As we let the dust settle on some of the post-election market madness, we are focusing some of our ChOTD’s (Charts Of The Day) on the technical picture of some specific tickers and indices. Today, we look at a major benefactor of the presidential election, at least based upon its performance in the lead up and aftermath to the election: steel stocks. Specifically, we are looking at the chart of the VanEck Vectors Steel ETF, ticker, SLX. The SLX has certainly been on a great run, rising 140% since its January low, 40% since its September low and 9% just since the election. That said, it is now hitting a multitude of potentially key resistance levels.
In fact, there are at least 5 noteworthy pieces of technical resistance in the vicinity of current prices (closed today at 37.73).
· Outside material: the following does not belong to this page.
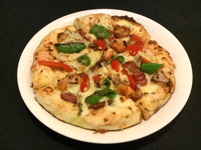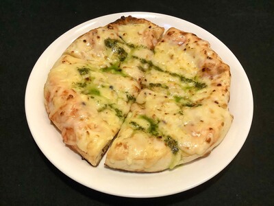 ピザの生地にナンを使っています。(受取日当日ご対応可能)

For starters, they include the following trio of Fibonacci Retracement levels based upon declines from key peaks over the past 8 years, to the low in January of this year:
- 23.6% Fibonacci Retracement of 2008-2016 Decline ~38.90
- 38.2% Fibonacci Retracement of 2011-2016 Decline ~39.20
- 61.8% Fibonacci Retracement of 2014-2016 Decline ~37.30
And for good measure, we can add the following 2 key potential points of resistance:
- The Post-2008 Down Trendline (on a log scale), Connecting the 2011 & 2014 Highs ~37.75
- The 1000-Day (approx. 200-Week) Simple Moving Average ~36.86
Each of these potential lines of resistance is noteworthy by itself. To have them all clustered in the same vicinity should make this area particularly consequential as an obstacle for this rally in steel stocks.
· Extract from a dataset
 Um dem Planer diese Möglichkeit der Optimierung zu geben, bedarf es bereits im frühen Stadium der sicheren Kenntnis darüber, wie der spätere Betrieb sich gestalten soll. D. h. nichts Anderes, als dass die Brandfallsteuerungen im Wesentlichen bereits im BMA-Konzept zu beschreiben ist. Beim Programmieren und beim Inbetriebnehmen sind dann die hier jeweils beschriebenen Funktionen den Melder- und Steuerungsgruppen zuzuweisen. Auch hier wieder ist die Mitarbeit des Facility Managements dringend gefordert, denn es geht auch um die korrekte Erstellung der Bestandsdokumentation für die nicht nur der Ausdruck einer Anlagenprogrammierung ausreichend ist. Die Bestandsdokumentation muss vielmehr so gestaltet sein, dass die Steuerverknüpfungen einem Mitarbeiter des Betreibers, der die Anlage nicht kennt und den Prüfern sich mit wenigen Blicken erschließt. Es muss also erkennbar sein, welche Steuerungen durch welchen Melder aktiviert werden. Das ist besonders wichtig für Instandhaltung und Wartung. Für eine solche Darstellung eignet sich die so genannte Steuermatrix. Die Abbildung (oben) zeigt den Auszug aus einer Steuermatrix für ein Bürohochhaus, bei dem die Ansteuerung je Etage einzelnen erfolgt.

The cluster of Fibonacci levels is particularly important to us. This lining up of levels from key junctures is precisely what we look for in Fibonacci analysis. It not only creates multiple layers of potential resistance, but it serves as a sort of validation of the market junctures that we’ve identified. This is especially true if the price action respected the lower Fibonacci levels when encountered. In this case, it certainly did as the SLX suffered its largest pullback of its post-January rally after testing the lower “Fibs”, dropping some 23% back in April-May.
Like many commodity-related stocks, steel stocks have most definitely had a great run, both over the course of this year, as well as around the election. Nothing goes in a straight line, however. And if there is any spot on the chart of SLX that looks to offer multiple layers of potential resistance, it is this one near the 37-39 level. It may not be an impenetrable level, but it certainly should test the mettle of the SLX rally in the immediate-term.
The commentary included in this blog is provided for informational purposes only. It does not constitute a recommendation to invest in any specific investment product or service. Proper due diligence should be performed before investing in any investment vehicle. There is a risk of loss involved in all investments.